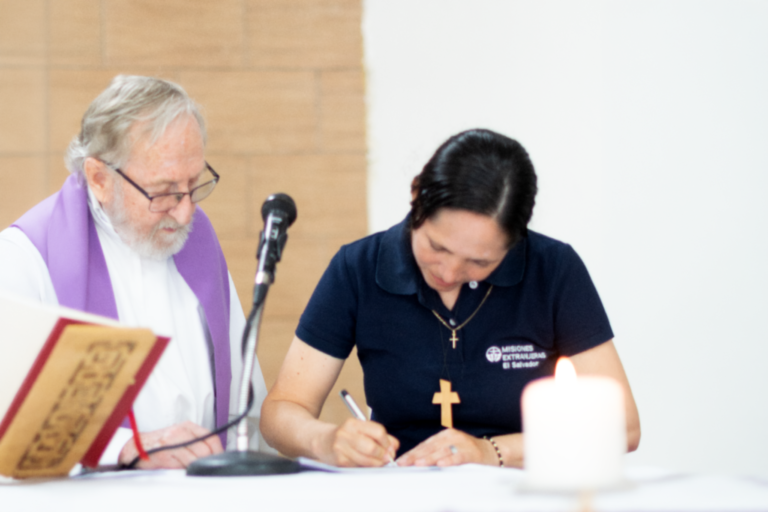 Ont participé à la célébration le curé, le Père Álvaro Molina ; le Directeur des Œuvres Pontificales Missionnaires (OPM) du Salvador, le Père Cristóbal Zabala ; ainsi que des membres, associés et collaborateurs de la SMÉ, accompagnés de plusieurs agents pastoraux des OPM El Salvador.
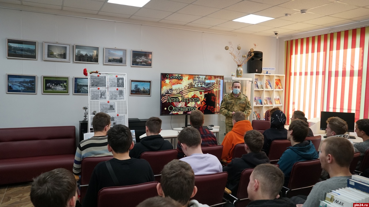 Накануне Дня Героев Отечества росгвардейцы провели встречу с учащимися политехнического колледжа в библиотеке микрорайона Любятово «Библиолюб». Об этом Псковской Ленте Новостей сообщили в пресс-службе регионального управления Росгвардии.
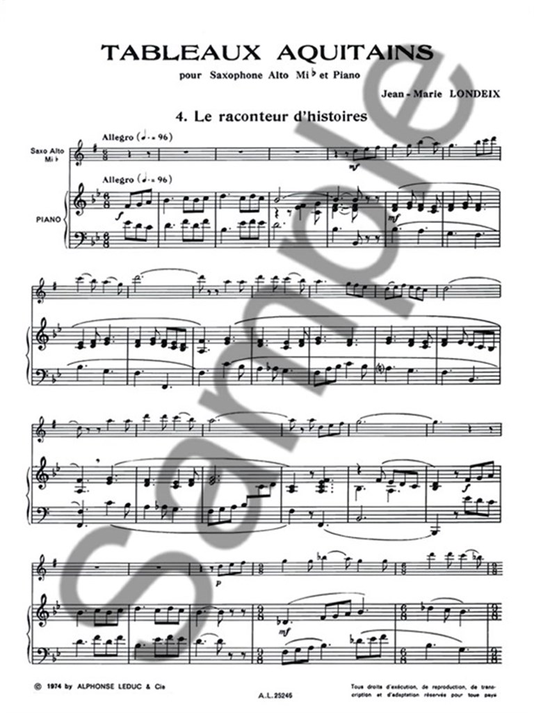 Tableaux Aquitains N04:Le Raconteur D’Histoires Saxophone Mib Et Piano LONDEIX
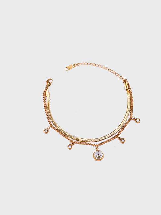18KT Gold-Plated Zircon Charms Herringbone & Curb Chain Bracelet
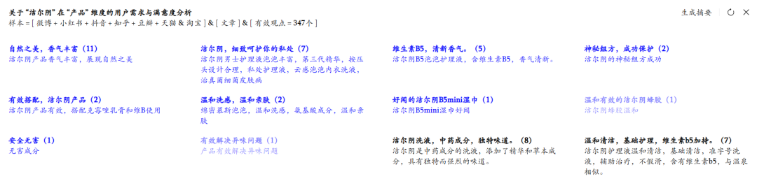 我們發(fā)現(xiàn),久謙中臺(tái)的用戶研究體系可以輔助用戶洞察的工作,它能夠快速匯總社媒平臺(tái)上的信息,按照關(guān)鍵詞將海量的信息進(jìn)行分類、整理和分析,大大提高了用戶洞察的效率,甚至可以幫助品牌提供靈感。
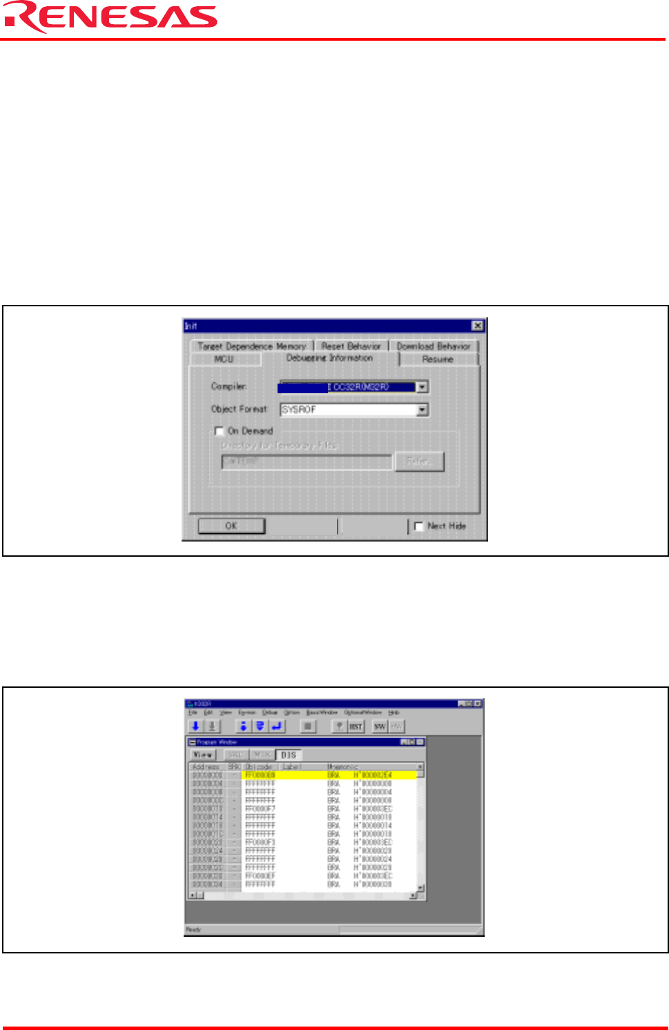 While the Debugging Information tab is open, select “CC32R(M32R)” for Compiler.
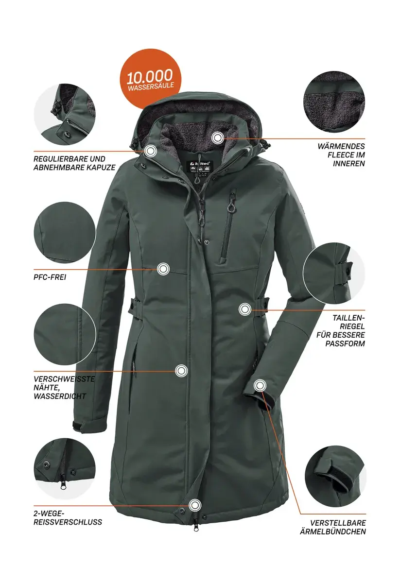 Женская функциональная парка от killtec впечатляет своим вневременным дизайном и функциональными свойствами. Он водонепроницаем и ветрозащитен благодаря сварным швам и водяному столбу высотой 10 000 мм, а также воздухопроницаем. Регулируемый капюшон при необходимости можно отстегнуть. Мягкий флис Тедди обеспечивает приятное тепло и особенно приятен. Парка также отличается практичными функциями, такими как боковая регулировка талии, регулируемые манжеты и двусторонняя молния с защитой подбородка. Боковые карманы и нагрудный карман можно закрыть на молнии, чтобы они не потерялись. Внутри также имеется практичный карман для мобильного телефона. Для killtec особенно важно сделать коллекции более устойчивыми и ориентированными на будущее. killtec все больше полагается на более ответственные производственные процессы. Поэтому эта парка была пропитана веществами, не содержащими фтора.
---*---
The copy you produce must hold all the records above exactly and none of their pictures.

■ **Written solution**
 Ont participé à la célébration le curé, le Père Álvaro Molina ; le Directeur des Œuvres Pontificales Missionnaires (OPM) du Salvador, le Père Cristóbal Zabala ; ainsi que des membres, associés et collaborateurs de la SMÉ, accompagnés de plusieurs agents pastoraux des OPM El Salvador.
 Накануне Дня Героев Отечества росгвардейцы провели встречу с учащимися политехнического колледжа в библиотеке микрорайона Любятово «Библиолюб». Об этом Псковской Ленте Новостей сообщили в пресс-службе регионального управления Росгвардии.
 Tableaux Aquitains N04:Le Raconteur D’Histoires Saxophone Mib Et Piano LONDEIX
18KT Gold-Plated Zircon Charms Herringbone & Curb Chain Bracelet
 我們發(fā)現(xiàn),久謙中臺(tái)的用戶研究體系可以輔助用戶洞察的工作,它能夠快速匯總社媒平臺(tái)上的信息,按照關(guān)鍵詞將海量的信息進(jìn)行分類、整理和分析,大大提高了用戶洞察的效率,甚至可以幫助品牌提供靈感。
 While the Debugging Information tab is open, select “CC32R(M32R)” for Compiler.
 Женская функциональная парка от killtec впечатляет своим вневременным дизайном и функциональными свойствами. Он водонепроницаем и ветрозащитен благодаря сварным швам и водяному столбу высотой 10 000 мм, а также воздухопроницаем. Регулируемый капюшон при необходимости можно отстегнуть. Мягкий флис Тедди обеспечивает приятное тепло и особенно приятен. Парка также отличается практичными функциями, такими как боковая регулировка талии, регулируемые манжеты и двусторонняя молния с защитой подбородка. Боковые карманы и нагрудный карман можно закрыть на молнии, чтобы они не потерялись. Внутри также имеется практичный карман для мобильного телефона. Для killtec особенно важно сделать коллекции более устойчивыми и ориентированными на будущее. killtec все больше полагается на более ответственные производственные процессы. Поэтому эта парка была пропитана веществами, не содержащими фтора.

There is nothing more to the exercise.